The finer details make a difference as well. Joe Davis, director of public affairs at the VFW, believes the All-Volunteer Force, established in 1973, drove a wedge between the military community and an ever-growing civilian population. During the Second World War, the United States fielded a conscription-based military of approximately 16 million people, out of a population of 135 million. Today, the professional military is well below its troop level during World War II, and the U.S. population has more than doubled in the interim. Davis also cited as a factor the shifting of Memorial Day from its original, fixed date of May 30 to the last Monday of May. “When you link a military holiday to a three-day weekend, you lose the meaning of the day,” Davis told me.
Whatever the explanation, the lack of an appropriate occasion to commemorate America’s war casualties has been noted. From 1989 until his passing in 2012, Senator Daniel Inouye of Hawaii, a World War II veteran, repeatedly introduced resolutions to return Memorial Day to its traditional date—and, by proxy, its original intent. Separately, two bills have been introduced in Congress in the last two years alone—one to establish two minutes of silence on Veterans Day, the other to do the same on Memorial Day. Neither bill has been passed, although the one for Veterans Day has since been revised as an amendment to the National Defense Authorization Act.

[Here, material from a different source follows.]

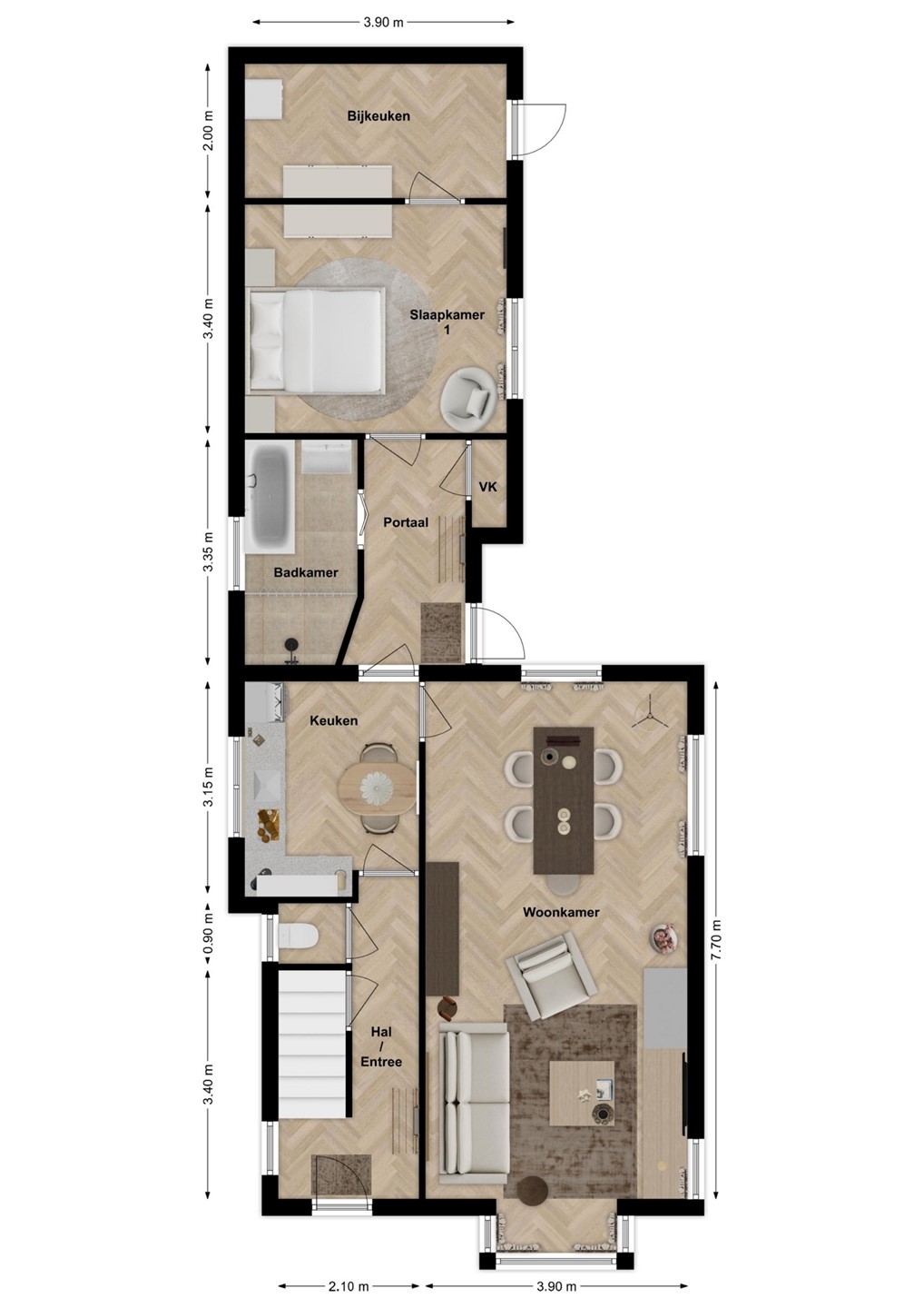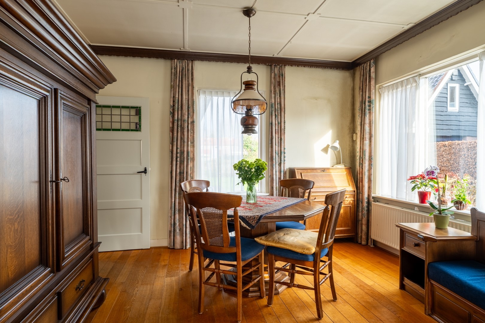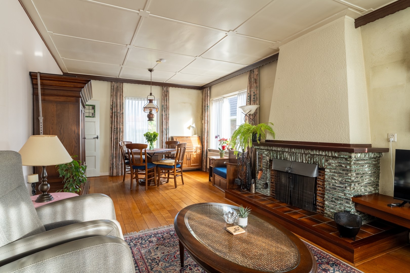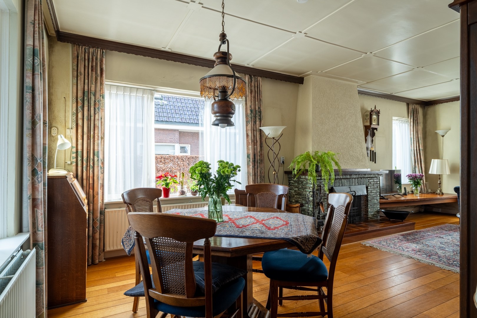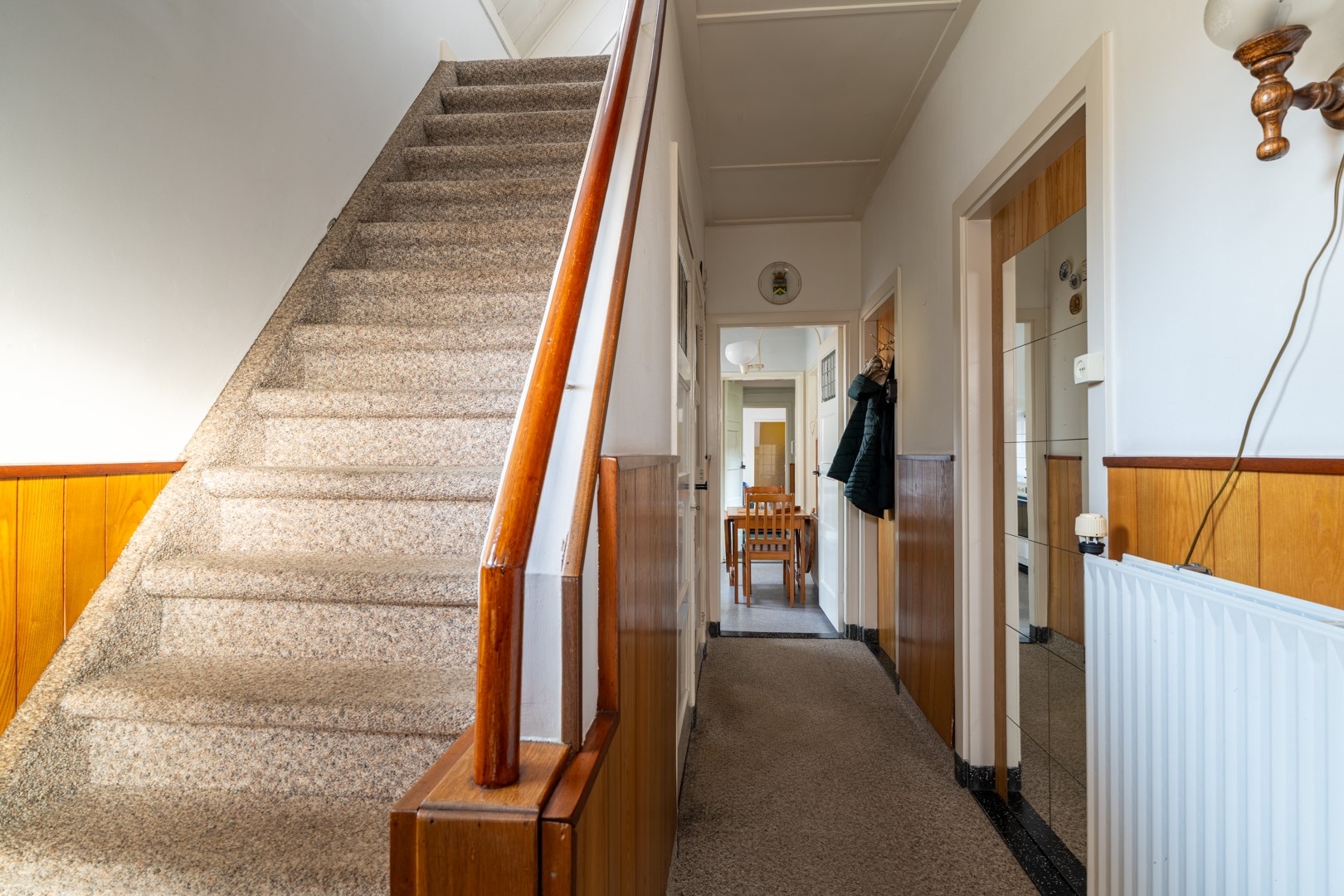 De woning bestaat uit twee delen: het oorspronkelijke woonhuis uit 1939 en een uit- en opbouw aan de achterzijde die in 2004 is gerealiseerd. Je komt binnen via de voordeur aan de voorzijde in de hal, met toegang tot het toilet, de kelder, de keuken en de vaste trap naar boven. De woonkamer is knus en gezellig, met grote raampartijen die zorgen voor veel licht. De open haard maakt het plaatje compleet: ideaal voor lange winteravonden. In de uitbouw vind je een achterportaal en een ruime bijkeuken — praktisch, functioneel en altijd handig. De keuken is klein maar fijn. Gezellig, overzichtelijk en netjes, al is vervanging bij renovatie wel logisch. Tip van de week: haal de muur tussen keuken en woonkamer eruit en je hebt in één klap een heerlijke leefruimte.

The timing of these bills is opportune. Judging by recent polls, the American public is war-weary and largely of the view that the wars in Iraq and Afghanistan were failures. A debate is also underway about what America’s global role should be, with many Americans leaning toward isolationism (despite a surge of support for a more muscular U.S. foreign policy following ISIS’s beheading of American journalists). In this environment, it would be worthwhile to rigorously observe a moment in which Americans collectively acknowledge the good that their country has done in the world—and the real, human costs that have accompanied that involvement.